Exercise input »
* * *

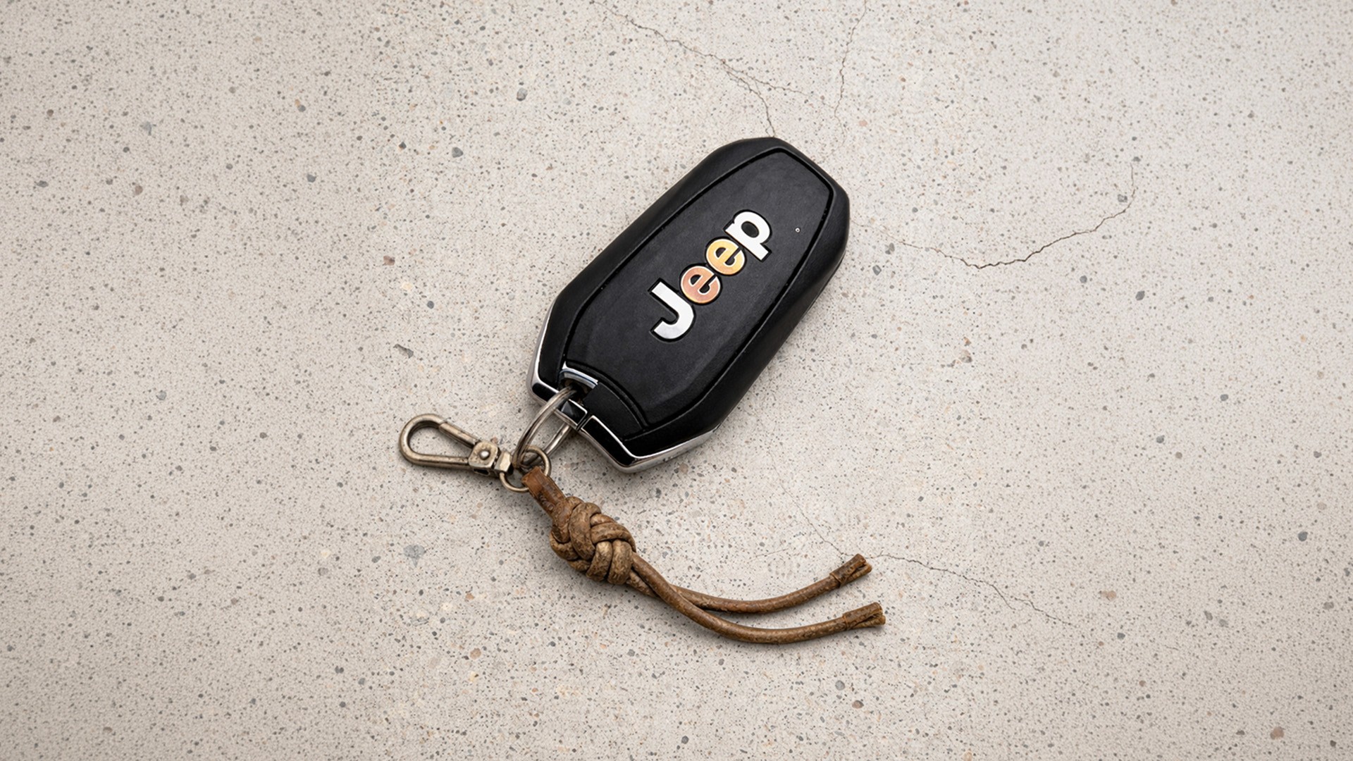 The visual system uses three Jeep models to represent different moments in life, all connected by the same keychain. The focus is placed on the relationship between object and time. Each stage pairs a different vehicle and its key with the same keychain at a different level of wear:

* * *

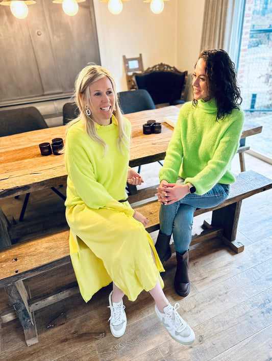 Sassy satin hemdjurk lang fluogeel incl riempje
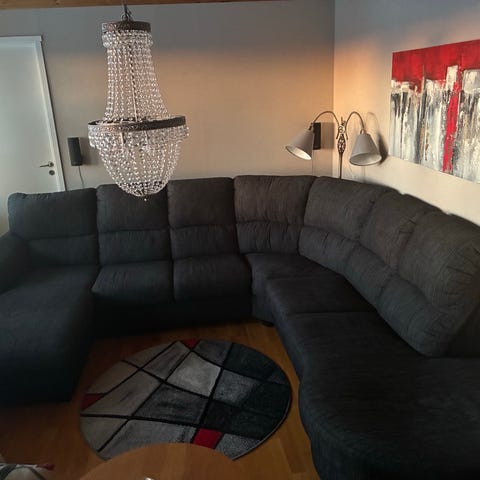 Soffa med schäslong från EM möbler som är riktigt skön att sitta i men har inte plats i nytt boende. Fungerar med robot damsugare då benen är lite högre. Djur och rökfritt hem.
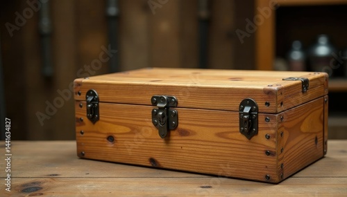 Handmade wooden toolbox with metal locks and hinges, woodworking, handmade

* * *

Task details »
Starting at the line above that contains "Soffa med schäslong", transcribe every line exactly through the line that contains "Handmade wooden toolbox", including that last one, and skip the pictures.

Reply to the task »
 Soffa med schäslong från EM möbler som är riktigt skön att sitta i men har inte plats i nytt boende. Fungerar med robot damsugare då benen är lite högre. Djur och rökfritt hem.
 Handmade wooden toolbox with metal locks and hinges, woodworking, handmade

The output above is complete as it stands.